═══ Source material ═══
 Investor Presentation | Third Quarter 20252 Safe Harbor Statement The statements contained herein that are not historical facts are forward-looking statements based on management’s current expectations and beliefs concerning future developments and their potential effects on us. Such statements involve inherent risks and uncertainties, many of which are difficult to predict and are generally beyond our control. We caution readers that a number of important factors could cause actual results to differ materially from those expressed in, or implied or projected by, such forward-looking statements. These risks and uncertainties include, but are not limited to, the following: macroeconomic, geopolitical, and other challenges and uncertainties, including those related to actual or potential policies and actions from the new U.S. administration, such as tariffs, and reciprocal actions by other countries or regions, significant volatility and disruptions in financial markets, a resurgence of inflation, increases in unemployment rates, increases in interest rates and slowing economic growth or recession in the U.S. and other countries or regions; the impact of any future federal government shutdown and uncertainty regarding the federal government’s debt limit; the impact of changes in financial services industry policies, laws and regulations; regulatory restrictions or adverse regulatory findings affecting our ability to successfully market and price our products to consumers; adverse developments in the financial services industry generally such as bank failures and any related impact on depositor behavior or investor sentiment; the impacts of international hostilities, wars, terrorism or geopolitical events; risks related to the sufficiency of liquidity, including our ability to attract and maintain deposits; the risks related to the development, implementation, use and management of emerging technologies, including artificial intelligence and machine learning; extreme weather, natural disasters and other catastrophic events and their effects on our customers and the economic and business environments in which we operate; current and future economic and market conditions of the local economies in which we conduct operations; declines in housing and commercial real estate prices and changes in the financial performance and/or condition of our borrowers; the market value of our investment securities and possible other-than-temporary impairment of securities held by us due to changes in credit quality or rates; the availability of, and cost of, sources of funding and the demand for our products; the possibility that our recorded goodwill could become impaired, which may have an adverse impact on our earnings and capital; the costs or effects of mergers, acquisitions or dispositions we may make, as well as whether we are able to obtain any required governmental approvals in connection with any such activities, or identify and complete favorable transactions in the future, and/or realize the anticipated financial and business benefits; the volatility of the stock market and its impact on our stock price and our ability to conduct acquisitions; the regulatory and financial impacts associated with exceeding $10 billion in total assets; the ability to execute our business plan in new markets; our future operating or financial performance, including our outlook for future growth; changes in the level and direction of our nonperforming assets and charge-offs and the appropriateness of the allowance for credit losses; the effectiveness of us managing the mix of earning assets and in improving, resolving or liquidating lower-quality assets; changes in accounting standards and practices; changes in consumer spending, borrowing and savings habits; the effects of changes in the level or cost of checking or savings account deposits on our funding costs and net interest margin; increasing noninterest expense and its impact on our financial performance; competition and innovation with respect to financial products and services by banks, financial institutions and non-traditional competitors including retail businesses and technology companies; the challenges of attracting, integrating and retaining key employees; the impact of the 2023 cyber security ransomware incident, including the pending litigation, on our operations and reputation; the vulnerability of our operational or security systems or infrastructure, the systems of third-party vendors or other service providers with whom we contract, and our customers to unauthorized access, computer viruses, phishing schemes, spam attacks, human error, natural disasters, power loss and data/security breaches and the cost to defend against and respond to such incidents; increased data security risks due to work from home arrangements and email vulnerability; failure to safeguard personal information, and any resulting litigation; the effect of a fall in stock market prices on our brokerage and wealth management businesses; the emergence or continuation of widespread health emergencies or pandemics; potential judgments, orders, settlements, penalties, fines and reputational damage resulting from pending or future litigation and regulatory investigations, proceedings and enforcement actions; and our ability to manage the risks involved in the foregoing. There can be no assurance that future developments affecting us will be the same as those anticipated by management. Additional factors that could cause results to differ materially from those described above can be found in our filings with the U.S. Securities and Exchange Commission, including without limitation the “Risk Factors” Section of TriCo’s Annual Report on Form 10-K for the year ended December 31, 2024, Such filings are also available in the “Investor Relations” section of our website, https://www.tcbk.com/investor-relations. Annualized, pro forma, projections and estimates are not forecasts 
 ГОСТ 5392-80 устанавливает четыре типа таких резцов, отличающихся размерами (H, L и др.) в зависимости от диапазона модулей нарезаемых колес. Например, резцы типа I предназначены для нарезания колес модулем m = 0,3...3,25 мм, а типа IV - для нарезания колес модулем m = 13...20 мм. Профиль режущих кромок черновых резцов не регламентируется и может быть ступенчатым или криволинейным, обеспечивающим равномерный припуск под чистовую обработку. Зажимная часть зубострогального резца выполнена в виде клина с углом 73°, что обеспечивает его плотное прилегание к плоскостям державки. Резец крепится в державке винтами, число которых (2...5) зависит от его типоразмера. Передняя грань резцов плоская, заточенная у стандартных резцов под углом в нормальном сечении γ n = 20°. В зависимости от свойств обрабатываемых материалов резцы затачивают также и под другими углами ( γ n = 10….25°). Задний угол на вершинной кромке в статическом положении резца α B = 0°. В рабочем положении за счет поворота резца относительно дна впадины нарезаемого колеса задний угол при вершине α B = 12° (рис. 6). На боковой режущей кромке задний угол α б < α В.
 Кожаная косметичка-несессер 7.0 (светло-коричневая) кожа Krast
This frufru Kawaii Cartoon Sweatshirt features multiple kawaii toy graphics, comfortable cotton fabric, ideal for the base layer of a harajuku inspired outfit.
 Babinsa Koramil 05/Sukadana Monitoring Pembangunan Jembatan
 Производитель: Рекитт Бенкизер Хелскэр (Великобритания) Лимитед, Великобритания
═══
Work request
Copy every line above once more, precisely as it reads.

Reply to the exercise
 Investor Presentation | Third Quarter 20252 Safe Harbor Statement The statements contained herein that are not historical facts are forward-looking statements based on management’s current expectations and beliefs concerning future developments and their potential effects on us. Such statements involve inherent risks and uncertainties, many of which are difficult to predict and are generally beyond our control. We caution readers that a number of important factors could cause actual results to differ materially from those expressed in, or implied or projected by, such forward-looking statements. These risks and uncertainties include, but are not limited to, the following: macroeconomic, geopolitical, and other challenges and uncertainties, including those related to actual or potential policies and actions from the new U.S. administration, such as tariffs, and reciprocal actions by other countries or regions, significant volatility and disruptions in financial markets, a resurgence of inflation, increases in unemployment rates, increases in interest rates and slowing economic growth or recession in the U.S. and other countries or regions; the impact of any future federal government shutdown and uncertainty regarding the federal government’s debt limit; the impact of changes in financial services industry policies, laws and regulations; regulatory restrictions or adverse regulatory findings affecting our ability to successfully market and price our products to consumers; adverse developments in the financial services industry generally such as bank failures and any related impact on depositor behavior or investor sentiment; the impacts of international hostilities, wars, terrorism or geopolitical events; risks related to the sufficiency of liquidity, including our ability to attract and maintain deposits; the risks related to the development, implementation, use and management of emerging technologies, including artificial intelligence and machine learning; extreme weather, natural disasters and other catastrophic events and their effects on our customers and the economic and business environments in which we operate; current and future economic and market conditions of the local economies in which we conduct operations; declines in housing and commercial real estate prices and changes in the financial performance and/or condition of our borrowers; the market value of our investment securities and possible other-than-temporary impairment of securities held by us due to changes in credit quality or rates; the availability of, and cost of, sources of funding and the demand for our products; the possibility that our recorded goodwill could become impaired, which may have an adverse impact on our earnings and capital; the costs or effects of mergers, acquisitions or dispositions we may make, as well as whether we are able to obtain any required governmental approvals in connection with any such activities, or identify and complete favorable transactions in the future, and/or realize the anticipated financial and business benefits; the volatility of the stock market and its impact on our stock price and our ability to conduct acquisitions; the regulatory and financial impacts associated with exceeding $10 billion in total assets; the ability to execute our business plan in new markets; our future operating or financial performance, including our outlook for future growth; changes in the level and direction of our nonperforming assets and charge-offs and the appropriateness of the allowance for credit losses; the effectiveness of us managing the mix of earning assets and in improving, resolving or liquidating lower-quality assets; changes in accounting standards and practices; changes in consumer spending, borrowing and savings habits; the effects of changes in the level or cost of checking or savings account deposits on our funding costs and net interest margin; increasing noninterest expense and its impact on our financial performance; competition and innovation with respect to financial products and services by banks, financial institutions and non-traditional competitors including retail businesses and technology companies; the challenges of attracting, integrating and retaining key employees; the impact of the 2023 cyber security ransomware incident, including the pending litigation, on our operations and reputation; the vulnerability of our operational or security systems or infrastructure, the systems of third-party vendors or other service providers with whom we contract, and our customers to unauthorized access, computer viruses, phishing schemes, spam attacks, human error, natural disasters, power loss and data/security breaches and the cost to defend against and respond to such incidents; increased data security risks due to work from home arrangements and email vulnerability; failure to safeguard personal information, and any resulting litigation; the effect of a fall in stock market prices on our brokerage and wealth management businesses; the emergence or continuation of widespread health emergencies or pandemics; potential judgments, orders, settlements, penalties, fines and reputational damage resulting from pending or future litigation and regulatory investigations, proceedings and enforcement actions; and our ability to manage the risks involved in the foregoing. There can be no assurance that future developments affecting us will be the same as those anticipated by management. Additional factors that could cause results to differ materially from those described above can be found in our filings with the U.S. Securities and Exchange Commission, including without limitation the “Risk Factors” Section of TriCo’s Annual Report on Form 10-K for the year ended December 31, 2024, Such filings are also available in the “Investor Relations” section of our website, https://www.tcbk.com/investor-relations. Annualized, pro forma, projections and estimates are not forecasts 
 ГОСТ 5392-80 устанавливает четыре типа таких резцов, отличающихся размерами (H, L и др.) в зависимости от диапазона модулей нарезаемых колес. Например, резцы типа I предназначены для нарезания колес модулем m = 0,3...3,25 мм, а типа IV - для нарезания колес модулем m = 13...20 мм. Профиль режущих кромок черновых резцов не регламентируется и может быть ступенчатым или криволинейным, обеспечивающим равномерный припуск под чистовую обработку. Зажимная часть зубострогального резца выполнена в виде клина с углом 73°, что обеспечивает его плотное прилегание к плоскостям державки. Резец крепится в державке винтами, число которых (2...5) зависит от его типоразмера. Передняя грань резцов плоская, заточенная у стандартных резцов под углом в нормальном сечении γ n = 20°. В зависимости от свойств обрабатываемых материалов резцы затачивают также и под другими углами ( γ n = 10….25°). Задний угол на вершинной кромке в статическом положении резца α B = 0°. В рабочем положении за счет поворота резца относительно дна впадины нарезаемого колеса задний угол при вершине α B = 12° (рис. 6). На боковой режущей кромке задний угол α б < α В.
 Кожаная косметичка-несессер 7.0 (светло-коричневая) кожа Krast
This frufru Kawaii Cartoon Sweatshirt features multiple kawaii toy graphics, comfortable cotton fabric, ideal for the base layer of a harajuku inspired outfit.
 Babinsa Koramil 05/Sukadana Monitoring Pembangunan Jembatan
 Производитель: Рекитт Бенкизер Хелскэр (Великобритания) Лимитед, Великобритания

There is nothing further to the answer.